BANGKOK – Oil rose to near $105 a barrel Wednesday, driven by speculation that U.S. crude stockpiles fell last week in a sign of higher demand.
Benchmark crude for August delivery was up $1.12 to $104.65 a barrel at early afternoon Bangkok time in electronic trading on the New York Mercantile Exchange. Earlier in the day it reached $104.79, which is oil's highest price since May 2 last year. The contract gained 39 cents to close at $103.53 on Tuesday.
Oil was higher after Bloomberg, a financial data provider, said U.S. crude inventories fell by 9 million barrels last week. It cited an unnamed person at the American Petroleum Institute, an industry group. The Energy Department releases its weekly report on U.S. inventories of crude oil and refined fuels later Wednesday.
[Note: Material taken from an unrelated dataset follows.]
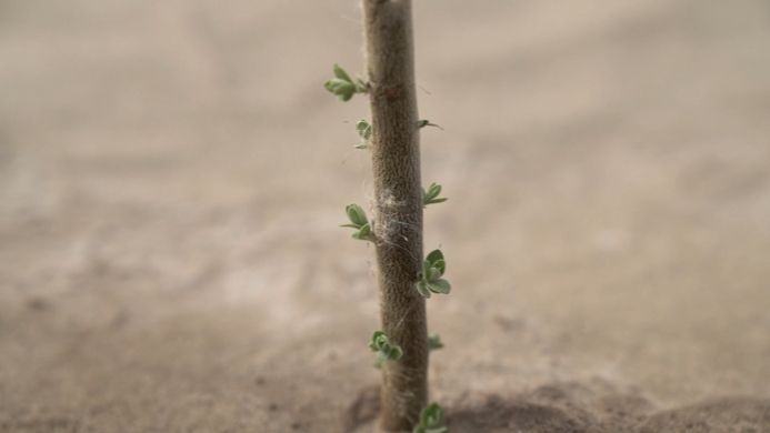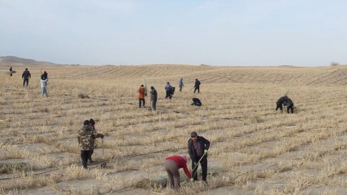 在新疆和田地区和田县阿和公路西侧群众治沙点,3月下旬种下的万亩沙枣、红柳等防风固沙树种已抽出绿芽,最近几日正在进行定杆作业。群众广泛参与治沙有效解决了造林治沙后续管护持续性问题。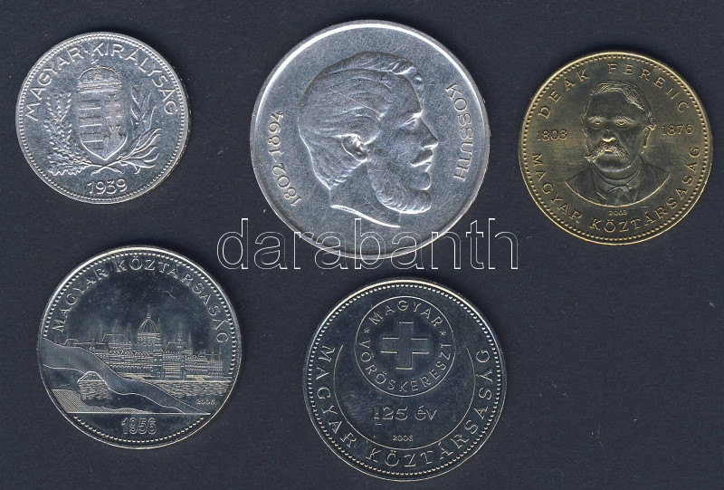 https://www.darabanth.com/en/92-Online-auction/92.0/Numismatics/~305/Kis-tetel-1939-1P-Ag-plus-1947-5Ft-Ag-Kossuth-plus-2003-20Ft-Deak-plus-2006-50Ft-Voroskereszt-~II205525

A drop in supplies would suggest stronger demand and underline the signs of economic recovery shown in last week's stronger-than-expected U.S. hiring report.
Other factors that could influence trading Wednesday include OPEC's release of its monthly update on the oil market and the publication of minutes from the U.S. Federal Reserve's last policy meeting.
Brent crude, which is used to set prices for oil used by many U.S. refineries, was down 3 cents at $107.04 on the ICE Exchange in London.
In other energy futures trading on the New York Mercantile Exchange:
— Wholesale gasoline added 2.1 cents to $2.947 a gallon.
— Natural gas fell 2.3 cents to $3.634 per 1,000 cubic feet.
— Heating oil was steady at $2.986 per gallon.